Purification of MBP-tagged proteins
Aside from improved protein solubility, another advantage of using an MBP fusion strategy is to facilitate downstream target protein purification. MBP is a natural affinity tag that binds to amylose resin and can be used for one-step affinity purification by binding to cross-linked amylose. Recombinant MBP-tagged fused proteins bound to immobilized amylose are normally eluted under non-denaturing conditions using maltose [generally 10 mM].
Disadvantages of this strategy
- Cleavage of the target protein can be a problem due to the steric hindrance of the MBP tag.
- Amylose resin can be brittle and relatively expensive.
- Target protein precipitation after cleavage [often addressed by optimizing protein purification conditions]
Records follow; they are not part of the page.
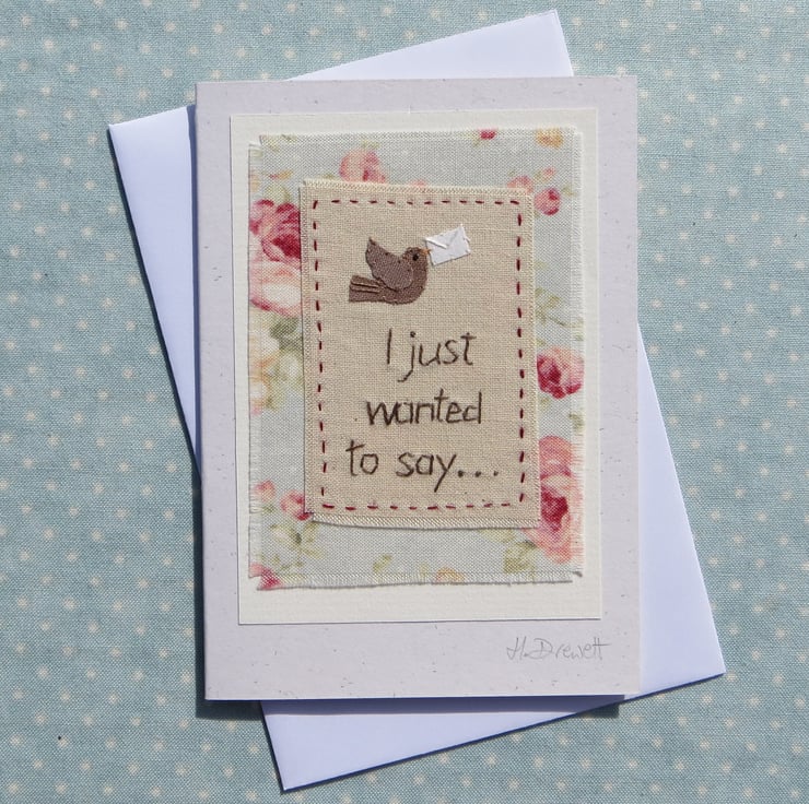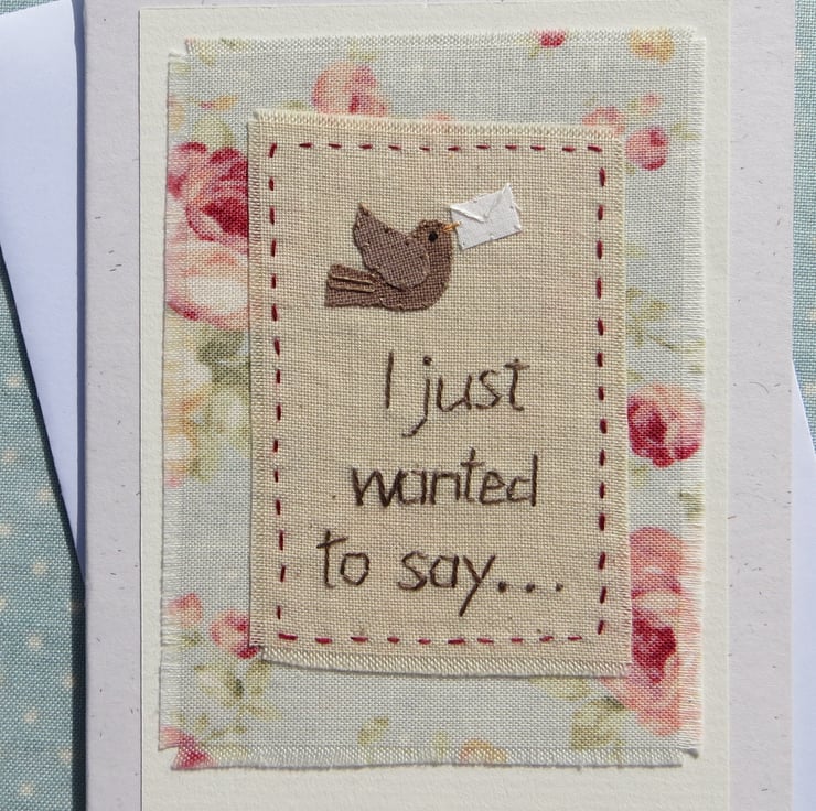 I have cut and hand-stitched a tiny applique bird with an envelope, winging her way to the recipient with your special message. I have stitched the words 'I just wanted to say...' below making this a card suitable for any number of special times.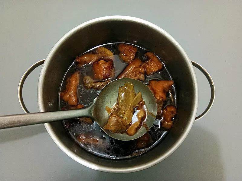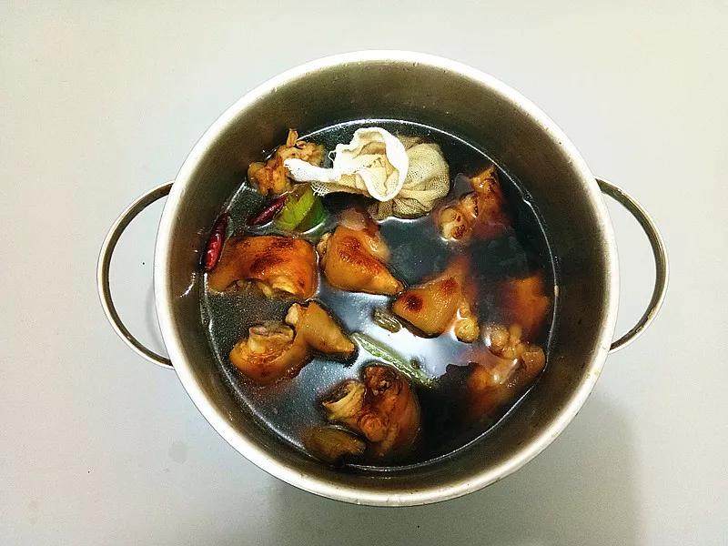 做法11、待猪蹄软烂后,加入食盐,拣去葱姜等调料,转大火收汁。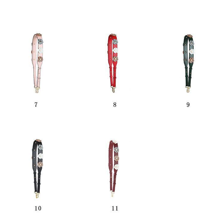 フラワーモチーフがたくさんついたバッグ用ショルダーストラップ。
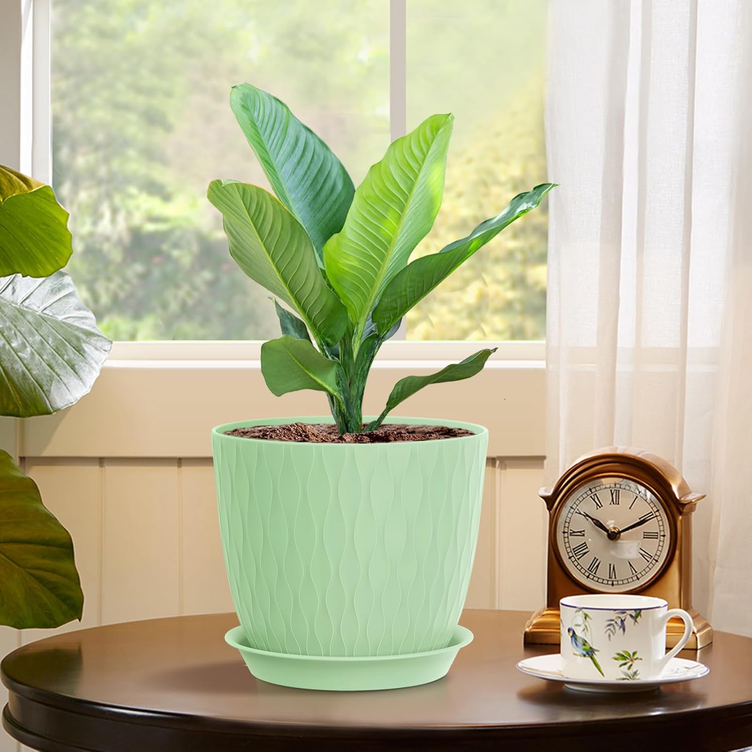 7 inch Flower Pots, 5 Pack Plant Pots with Drainage Holes and Saucers for Indoor Plants, Plastic Planters with Water Ripple for Small Garden House Plants, Nursery Pots for Succulent, Green

- Some MBP fusion proteins do not bind efficiently to amylose resin and even when they do, yields can be an issue [occasionally fixed by optimizing protein purification conditions or changing the affinity purification strategy, using instead the His tag]
While there is no simple global solution to address insolubility issues in E.coli expression, a well-designed construct and carefully crafted expression strategy can give you the desired soluble protein. MBP is a reliable solubility label for the production of recombinant soluble proteins, and while solubility is one of the most important elements of a protein production run, solubility should not always be the end goal. Expression levels, protein activity, purity, homogeneity, and stability are important factors that must also be considered before embarking on a recombinant protein production campaign.